Under article 34 or 36, the court does not exercise an appeal and either uphold or set aside or decline to recognise and enforce an award by having regard to what it considers should have been the correct decision. Where, however, the reasoning or conclusion in an award goes beyond mere faultiness or incorrectness and constitutes a palpable inequity that is so far reaching and outrageous in its defiance of logic or accepted moral standards that a sensible and fair minded person would consider the conception of justice in Zimbabwe would be intolerably hurt by the award, then it would be contrary to public policy to uphold it.

The same consequence applies where the arbitrator has not applied his mind to the question or has totally misunderstood the issue, and the resultant injustice reaches the point mentioned above.”

[14] Expressed in another way, an arbitral award is contrary to the public policy of Zimbabwe, if it ‘shocks the conscience’ or ‘is clearly injurious to the public good or [is] wholly offensive to the ordinary reasonable and fully informed member of the public’ as stated by the Singapore Court of Appeal in PT Asuransi Jasa Indonesia [Persero] v Dexia Bank SA [2007] 1 SLR(R) 597, at para 59. Only in the most glaring instances of illogicality, injustice or moral turpitude will the court invoke the power to set aside an arbitral award: see Peruke Investments [Pvt] Ltd v Willoughby’s Investments [Pvt] Ltd & Anor 2015 (1) ZLR 491 (S), at 499H – 500A.
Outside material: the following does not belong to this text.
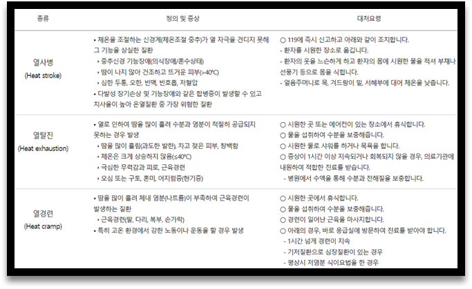 - 온열질환은 고온다습한 날씨에 장시간 노출 시 빈번하게 발생

[15] The audi alteram partem principle is a rule of natural justice. It is founded in public policy. It is all about justice and fair play. In its elementary form the rule holds that a man shall not be condemned without having been given a chance to be heard in his own defence. In the Maposa case above, it was said, at p 464G, that natural justice embraces the requirement that there must be fairness in the procedure.
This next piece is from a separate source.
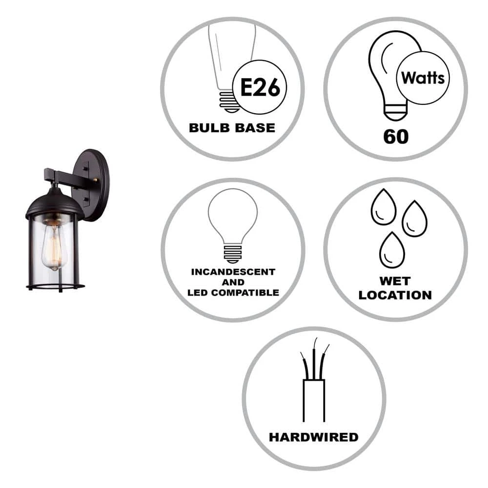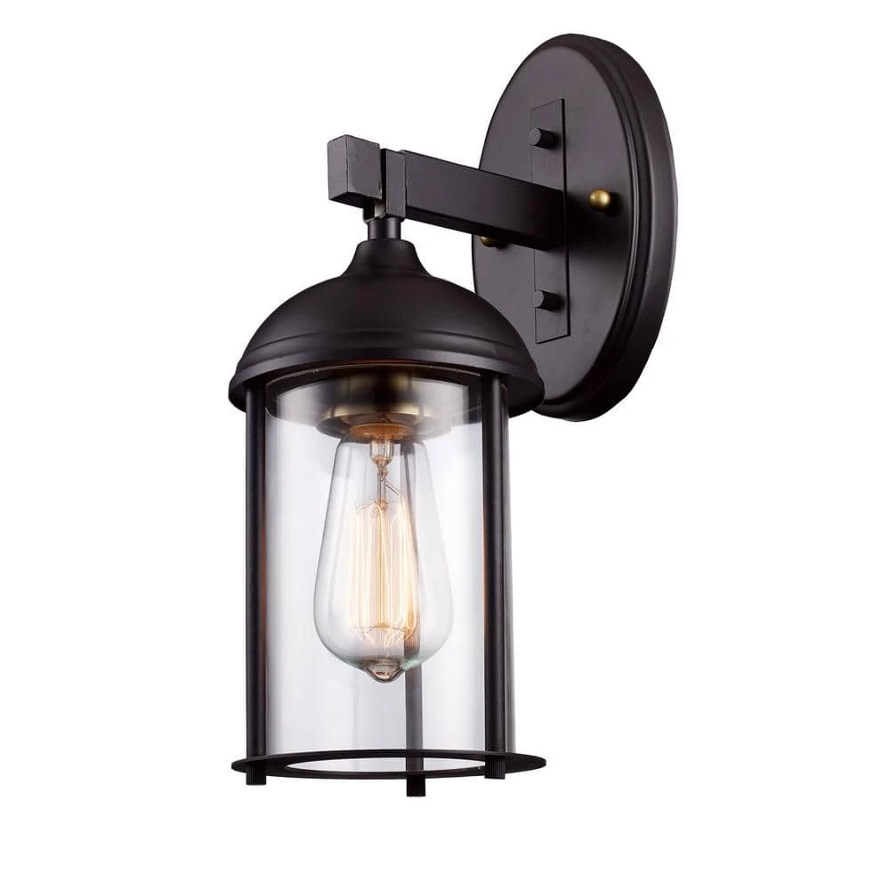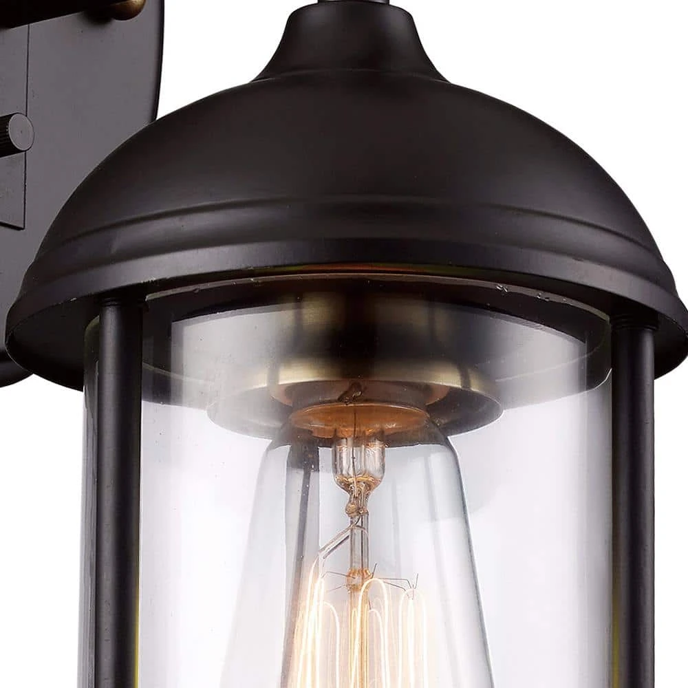 The Blues Collection from Bel Air presents modern exterior wall lighting designed to showcase any outdoor living space with both style and functionality. The quality craftsmanship is inspired by updated traditional design themes and maintains a distinctive look as it provides accent and area lighting to porches, deck spaces, exterior walkways, and driveways. The cylindrical clear glass shade is housed in a durable oiled bronze metal frame, and antique gold accents compliment the bronze finish throughout the piece. The sconce body attaches to a durable metal arm and oval shaped wall plate to hold up in harsh weather conditions. A single bulb can be seen through the clear glass, and an Edison style decorative bulb is recommended for added style. The Blues Collection’s simple elegance allows it to compliment a variety of exterior home styles.

[d] Whether the arbitral award is impeachable

[16] The conditions required to be met before the court can set aside an arbitral award are demonstrably quite stringent. However, I consider that in this matter the applicant has a strong case. In one’s view, the arbitral award makes justice turn on its head. It shocks the conscience. It is injurious to the public good. It is a palpable inequity. It defies logic. Admittedly, and with all due respect, these are very strong words. But they are not an original coinage by oneself. They are an integral part of the test for impeachment. This only goes to show the lofty height at which the threshold for impeachment is perched. But notwithstanding all this, I consider that the applicant’s case satisfies the test. I proceed to demonstrate how.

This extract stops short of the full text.